Knowing which espresso shot is which is going to save you a lot of trouble when following recipes or trying to figure out new drinks.
Regular espresso, lungo, and ristretto are the most common espresso shots. There's variations on them, and I'll cover those as well in this port.
But the main focus is the difference between each espresso shot size, and what that means for your coffee.
The general structure of an espresso shot
First, we need to make clear what a regular espresso looks like, sine we'll use this as a comparison/guideline.
Some might already know this, some might not. It's always best to brush up on your espresso knowledge, as the coffee lover you are.
So, when putting an espresso shot, you're passing very hot water (usually around 93 C/200 F) through a compact coffee puck.
Usually that puck contains anywhere between 7 and 9 grams of very finely ground coffee, and the resulting brew reaches 1 oz/33 ml, crema included.
What's very important here is when you stop the water, or in other words close the shot.
Now, some espresso machines calculate and use water as they're programmed. Some allow you to pull the shot manually and you can stop them at any time.
But most of them are almost completely automated, and all you can do is press the 'cancel' button when the espresso shot looks about right.
For example my parents' old espresso machine had to be stopped manually, otherwise it would keep pulling water through until it ran out.
So. This all means that you, the home barista, have to keep a close eye on your espresso shot if the machine isn't or can't be calibrated to pull an exact amount of water.
Anything past the 1 oz/33 ml with the same amount of ground coffee strays into lungo territory, which we'll get to in a bit.
The normal espresso shot: 7 to 9 grams of ground coffee, 1 oz/33 ml of brewed coffee including crema. This is what you'll usually get in coffee shops and when ordering espresso based drinks like latte, cappuccino, flat white, and so on.
A lungo is a drawn-out, weaker espresso
Next, the espresso lungo. This is the long version of a standard espresso. All it means is 'long', in Italian. I know, shocking.

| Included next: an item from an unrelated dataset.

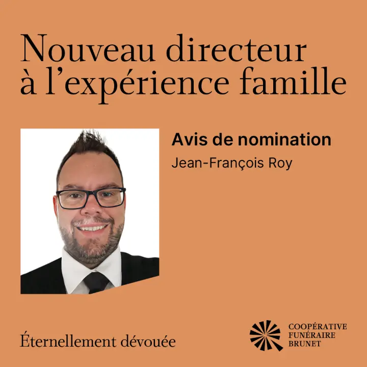 La Coopérative funéraire Brunet est convaincue que M. Jean-François Roy contribuera grandement au succès de notre équipe. On lui souhaite beaucoup de succès dans son nouveau poste.
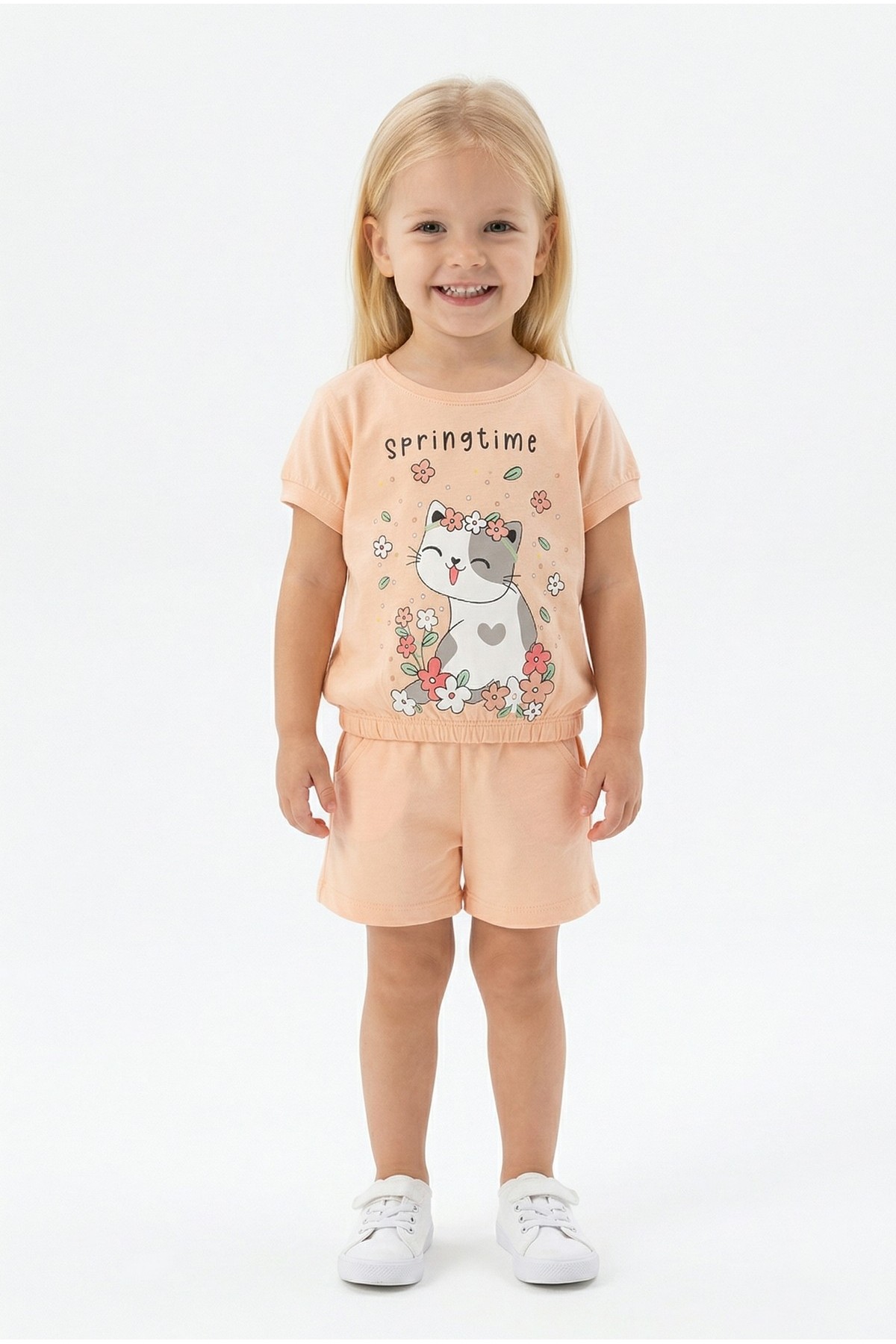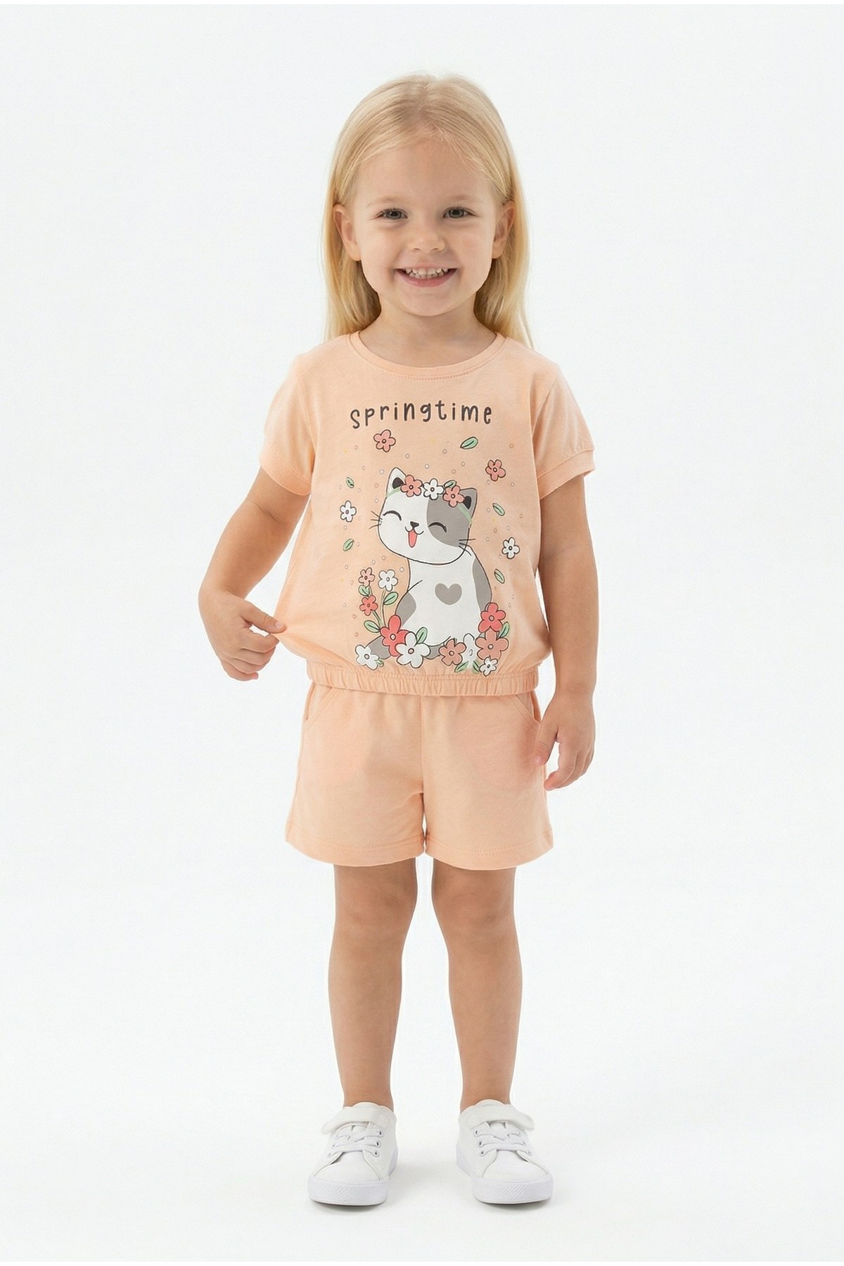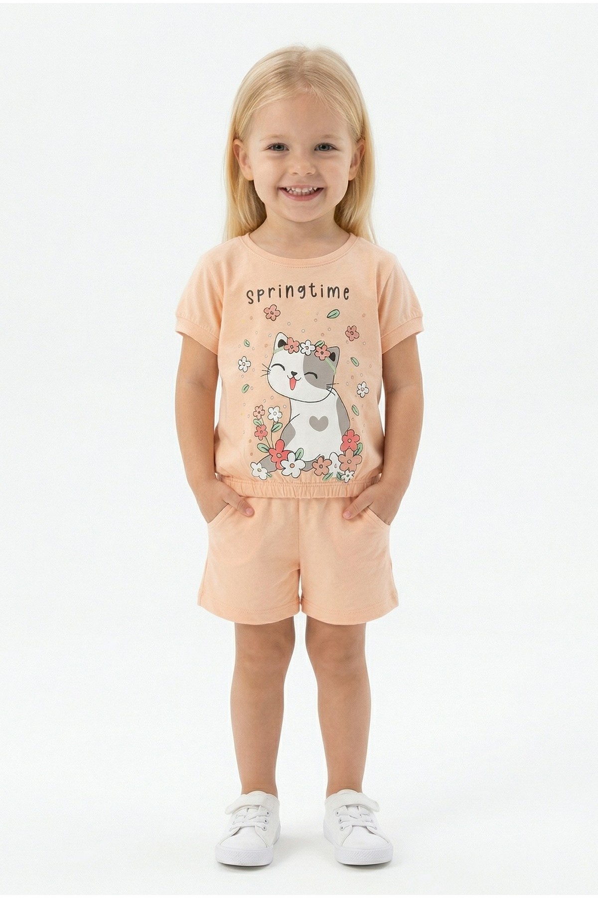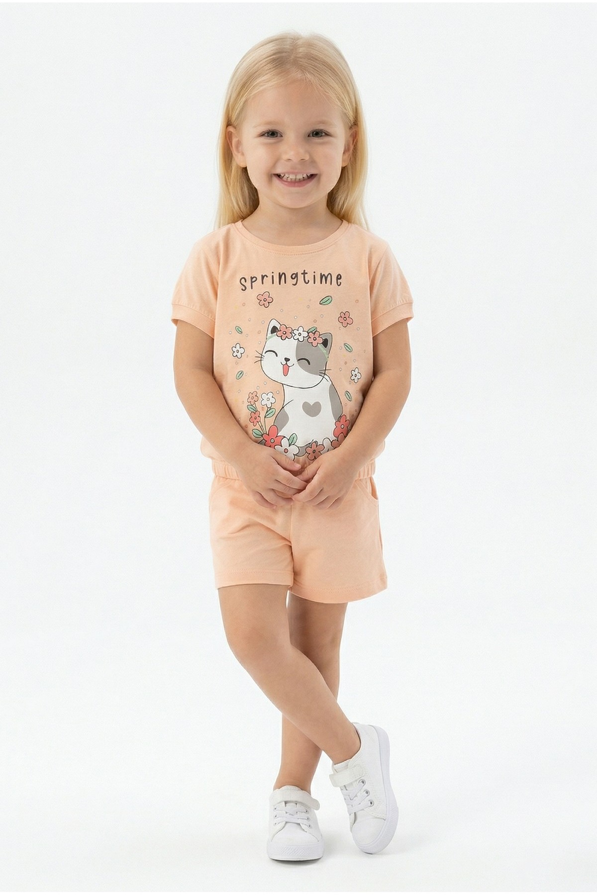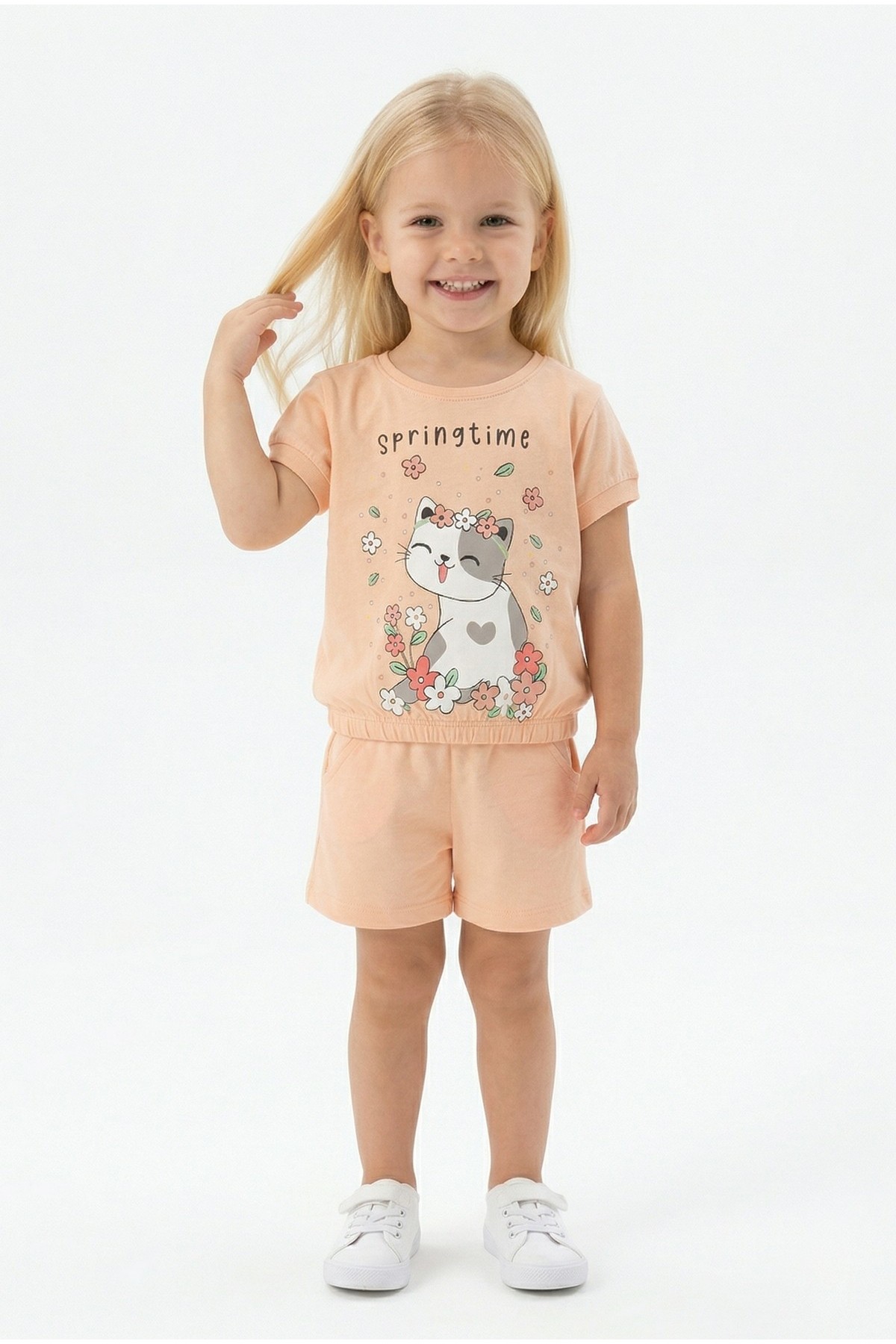 Bebek Sevimli Kedi Ve Çiçek Baskılı Kısa Kollu Tişört Ve Şortlu Yazlık Takım

What you're getting when ordering an espresso lungo is the same amount of ground coffee - 7 to 9 grams - but in double the amount of water.
So instead of getting a 1 oz/33 ml drink, you're getting a 2 oz/66 ml cup of coffee that's going to be milder in flavor than a regular espresso. This is assuming you're using the exact same kind of coffee for all your coffee shots.
Usually you'll see lungos being served as-is, or in some cases as something to build an Americano with. You won't really see lungos in drinks that require milk or flavorings, since it's too mild. Unless you as for it specifically.
A ristretto is a stronger, smaller espresso
When ordering a ristretto you're going to get a very small drink. It honestly sometimes looks ridiculous.
It may come in what some folks call a demitasse. That's basically the world's smallest porcelain cup, usually under 3 oz/99 ml. You'll find such cups when ordering Turkish or Greek coffee as well, since they're very small, concentrated coffee servings.
So, a ristretto is going to use the exact same amount of ground coffee as a regular espresso, but half the water. So 7 to 9 grams of ground coffee, but only 0.5 oz/15 ml of actual brewed coffee.
This makes the drink
The less water, the stronger the coffee (usually)
Something to note here: the strength of your espresso shot, how strong the flavor is and how bittersweet it ends up has less to do with the amount of water, and more with the coffee beans themselves.
Some coffee beans give a stronger flavor, like Robusta. Most coffee companies offer a blend of Robusta and Arabica, especially for espresso. And no two coffee bags are ever going to be the same.
The weather when the coffee plant was growing and the quality of the soil are going to influence your coffee very much.
That being said, on average you will get a weaker cup of coffee if you use more water.
Which is why, on average, a ristretto is going to taste stronger or more concentrated than a lungo. But not very much different from an espresso, since that's a pretty strong coffee too.
In truth the difference in strength between a regular espresso and a ristretto is smaller than espresso and lungo.
So if you're looking for some really strong coffee in your latte, it won't really matter if you're asking for espresso or ristretto, but it will matter if you ask for more double or triple shots.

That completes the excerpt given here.